#### [Work instructions]
Nothing but the pictures should be dropped; repeat the rest of the data below exactly.

#### [Raw data]
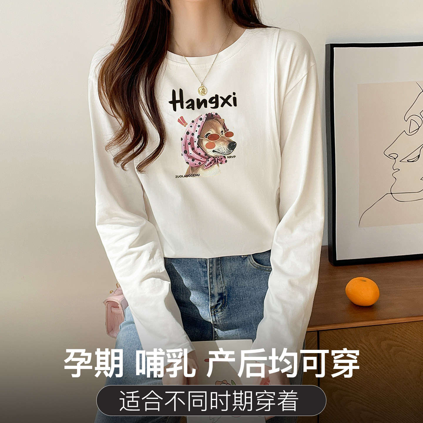 纯棉哺乳上衣可外穿潮妈哺衣t恤长袖 产妇母乳期方便喂奶衣服宽松
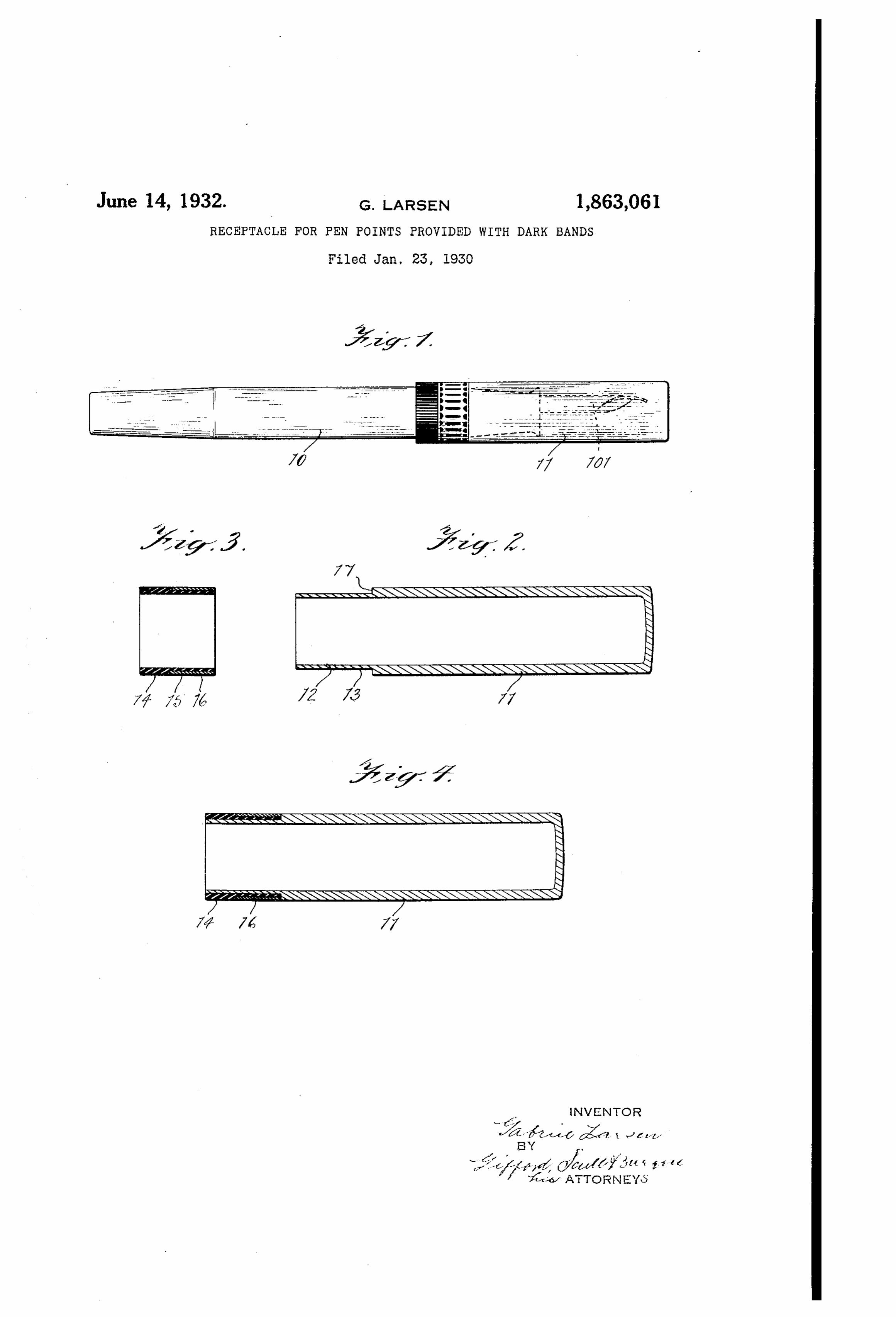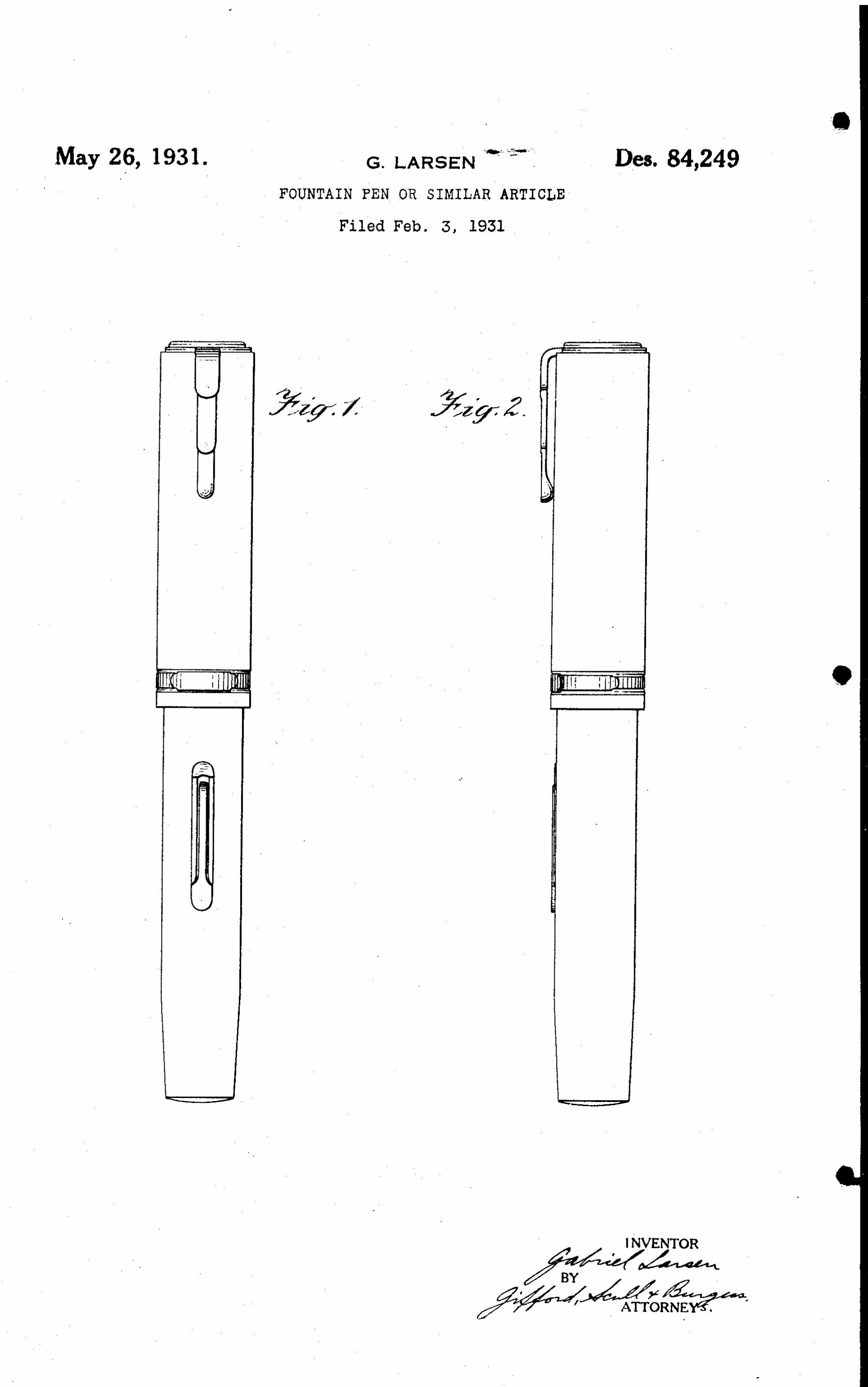 Come si può notare dalle date presenti sul documento sopra allegato (ma ancor meglio da quelle relative alla <Patrician> e alla <nuova #94>, tutte creazioni di Gabriel Larsen), la gestione dei brevetti negli USA all’inizio della Grande Depressione fu comprensibilmente sui generis, con penne prima lanciate sul mercato e solo in seguito protette dalla “richiesta di brevetto”, e ancora più tardi “brevettate”, con ritardi fino a oltre due anni!
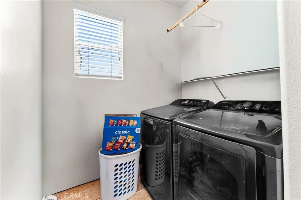 The kitchen comes equipped with a stainless steel 5-burner stove, microwave hood/vent, dishwasher, and a refrigerator. White tile countertops, shaker-style cabinets, and a pantry for extra storage. A dedicated laundry room with built-in shelving. A convenient downstairs bathroom adds to the home’s functionality.

#### [Solution to the exercise]
 纯棉哺乳上衣可外穿潮妈哺衣t恤长袖 产妇母乳期方便喂奶衣服宽松
 Come si può notare dalle date presenti sul documento sopra allegato (ma ancor meglio da quelle relative alla <Patrician> e alla <nuova #94>, tutte creazioni di Gabriel Larsen), la gestione dei brevetti negli USA all’inizio della Grande Depressione fu comprensibilmente sui generis, con penne prima lanciate sul mercato e solo in seguito protette dalla “richiesta di brevetto”, e ancora più tardi “brevettate”, con ritardi fino a oltre due anni!
 The kitchen comes equipped with a stainless steel 5-burner stove, microwave hood/vent, dishwasher, and a refrigerator. White tile countertops, shaker-style cabinets, and a pantry for extra storage. A dedicated laundry room with built-in shelving. A convenient downstairs bathroom adds to the home’s functionality.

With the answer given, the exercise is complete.